## [EXTRACTED MATERIAL]
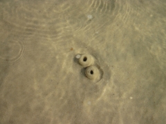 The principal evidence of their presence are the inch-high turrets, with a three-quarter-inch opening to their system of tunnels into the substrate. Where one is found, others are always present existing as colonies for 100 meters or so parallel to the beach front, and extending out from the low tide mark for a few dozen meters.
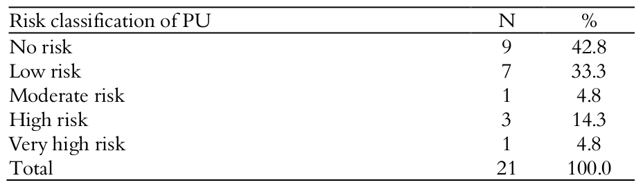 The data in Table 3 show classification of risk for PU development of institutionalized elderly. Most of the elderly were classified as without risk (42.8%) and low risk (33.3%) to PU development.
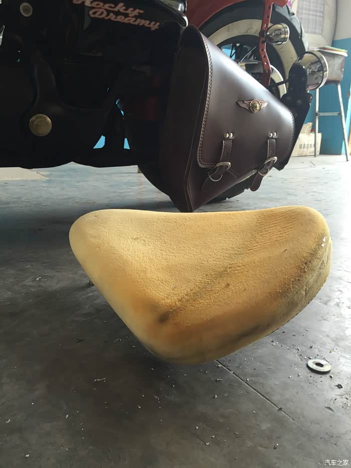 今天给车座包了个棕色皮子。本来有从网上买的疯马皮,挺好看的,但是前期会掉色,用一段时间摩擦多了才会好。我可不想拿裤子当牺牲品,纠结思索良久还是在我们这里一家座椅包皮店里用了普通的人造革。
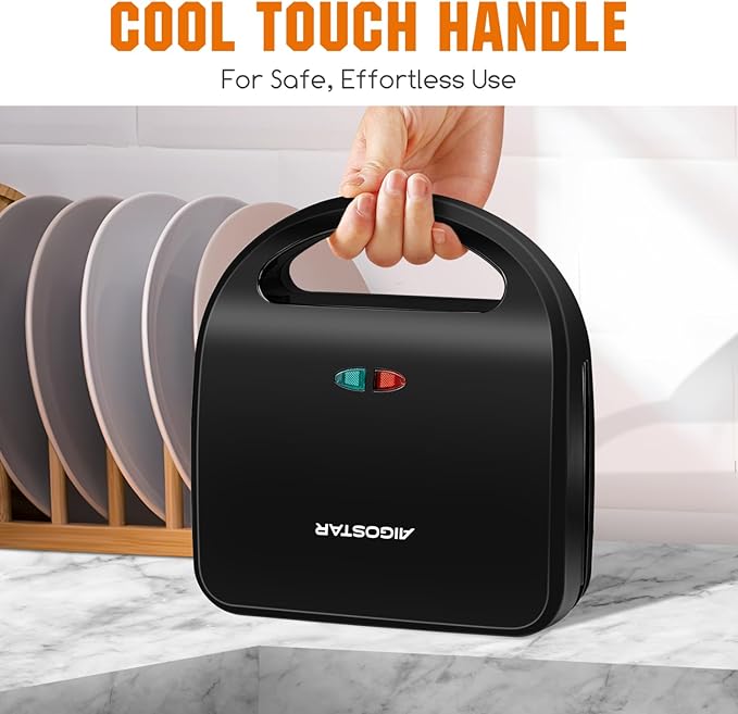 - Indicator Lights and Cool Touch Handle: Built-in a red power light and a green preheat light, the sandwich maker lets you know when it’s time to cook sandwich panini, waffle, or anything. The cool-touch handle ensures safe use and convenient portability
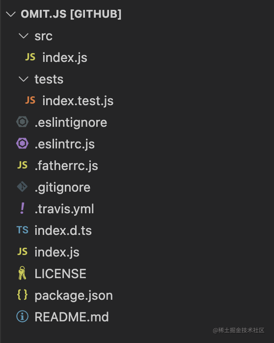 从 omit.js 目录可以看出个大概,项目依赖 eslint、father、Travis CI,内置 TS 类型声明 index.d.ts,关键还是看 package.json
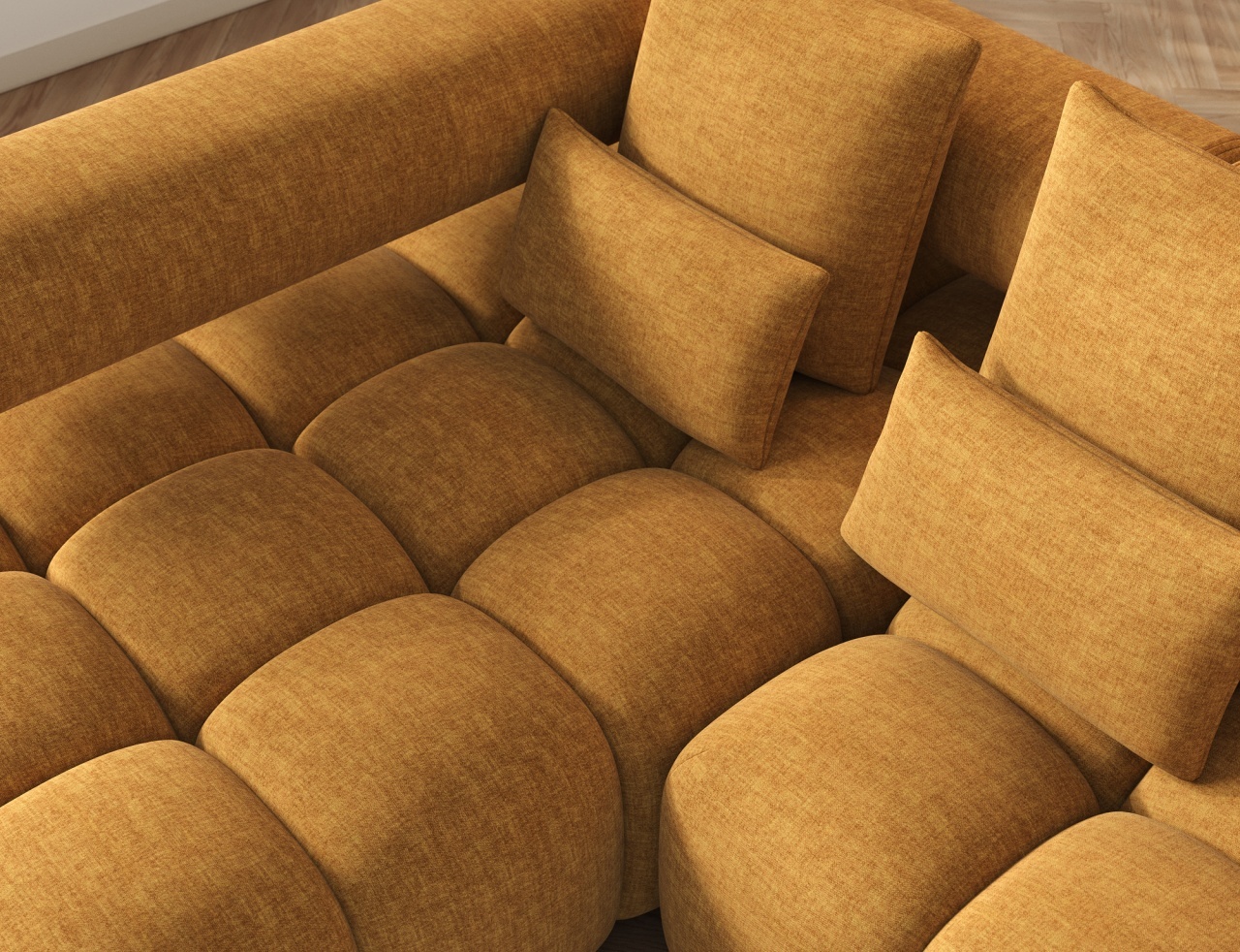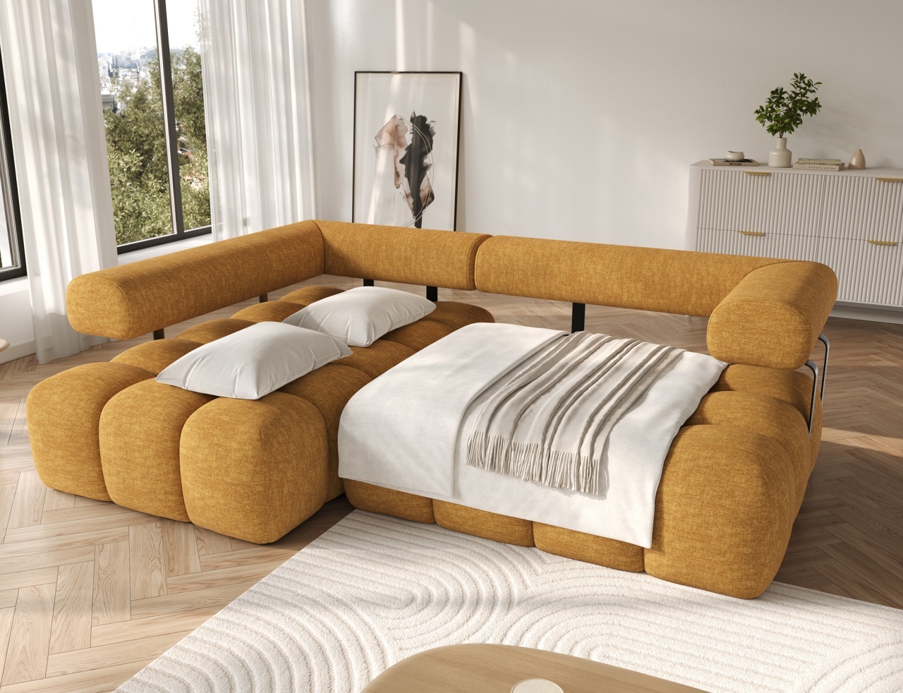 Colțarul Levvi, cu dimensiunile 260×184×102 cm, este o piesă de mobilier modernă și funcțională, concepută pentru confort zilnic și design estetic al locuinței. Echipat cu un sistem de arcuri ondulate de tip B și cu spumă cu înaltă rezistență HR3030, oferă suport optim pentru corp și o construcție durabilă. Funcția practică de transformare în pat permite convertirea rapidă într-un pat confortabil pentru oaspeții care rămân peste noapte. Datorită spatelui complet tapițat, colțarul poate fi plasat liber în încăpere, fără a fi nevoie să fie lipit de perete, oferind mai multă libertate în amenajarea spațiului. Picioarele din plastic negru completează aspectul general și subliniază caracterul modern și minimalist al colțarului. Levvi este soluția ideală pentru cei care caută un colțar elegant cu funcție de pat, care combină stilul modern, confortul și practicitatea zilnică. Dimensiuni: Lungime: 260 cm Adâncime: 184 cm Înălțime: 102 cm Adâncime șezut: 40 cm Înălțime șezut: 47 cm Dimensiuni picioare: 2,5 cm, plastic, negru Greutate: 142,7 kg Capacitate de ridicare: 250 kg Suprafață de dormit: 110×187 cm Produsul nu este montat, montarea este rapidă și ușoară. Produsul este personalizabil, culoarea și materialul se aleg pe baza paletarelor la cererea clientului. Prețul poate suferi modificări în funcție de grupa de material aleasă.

## [WORK TASK]
Send back the data above word for word, with the pictures left out.

## [EXERCISE ANSWER]
 The principal evidence of their presence are the inch-high turrets, with a three-quarter-inch opening to their system of tunnels into the substrate. Where one is found, others are always present existing as colonies for 100 meters or so parallel to the beach front, and extending out from the low tide mark for a few dozen meters.
 The data in Table 3 show classification of risk for PU development of institutionalized elderly. Most of the elderly were classified as without risk (42.8%) and low risk (33.3%) to PU development.
 今天给车座包了个棕色皮子。本来有从网上买的疯马皮,挺好看的,但是前期会掉色,用一段时间摩擦多了才会好。我可不想拿裤子当牺牲品,纠结思索良久还是在我们这里一家座椅包皮店里用了普通的人造革。
 - Indicator Lights and Cool Touch Handle: Built-in a red power light and a green preheat light, the sandwich maker lets you know when it’s time to cook sandwich panini, waffle, or anything. The cool-touch handle ensures safe use and convenient portability
 从 omit.js 目录可以看出个大概,项目依赖 eslint、father、Travis CI,内置 TS 类型声明 index.d.ts,关键还是看 package.json
 Colțarul Levvi, cu dimensiunile 260×184×102 cm, este o piesă de mobilier modernă și funcțională, concepută pentru confort zilnic și design estetic al locuinței. Echipat cu un sistem de arcuri ondulate de tip B și cu spumă cu înaltă rezistență HR3030, oferă suport optim pentru corp și o construcție durabilă. Funcția practică de transformare în pat permite convertirea rapidă într-un pat confortabil pentru oaspeții care rămân peste noapte. Datorită spatelui complet tapițat, colțarul poate fi plasat liber în încăpere, fără a fi nevoie să fie lipit de perete, oferind mai multă libertate în amenajarea spațiului. Picioarele din plastic negru completează aspectul general și subliniază caracterul modern și minimalist al colțarului. Levvi este soluția ideală pentru cei care caută un colțar elegant cu funcție de pat, care combină stilul modern, confortul și practicitatea zilnică. Dimensiuni: Lungime: 260 cm Adâncime: 184 cm Înălțime: 102 cm Adâncime șezut: 40 cm Înălțime șezut: 47 cm Dimensiuni picioare: 2,5 cm, plastic, negru Greutate: 142,7 kg Capacitate de ridicare: 250 kg Suprafață de dormit: 110×187 cm Produsul nu este montat, montarea este rapidă și ușoară. Produsul este personalizabil, culoarea și materialul se aleg pe baza paletarelor la cererea clientului. Prețul poate suferi modificări în funcție de grupa de material aleasă.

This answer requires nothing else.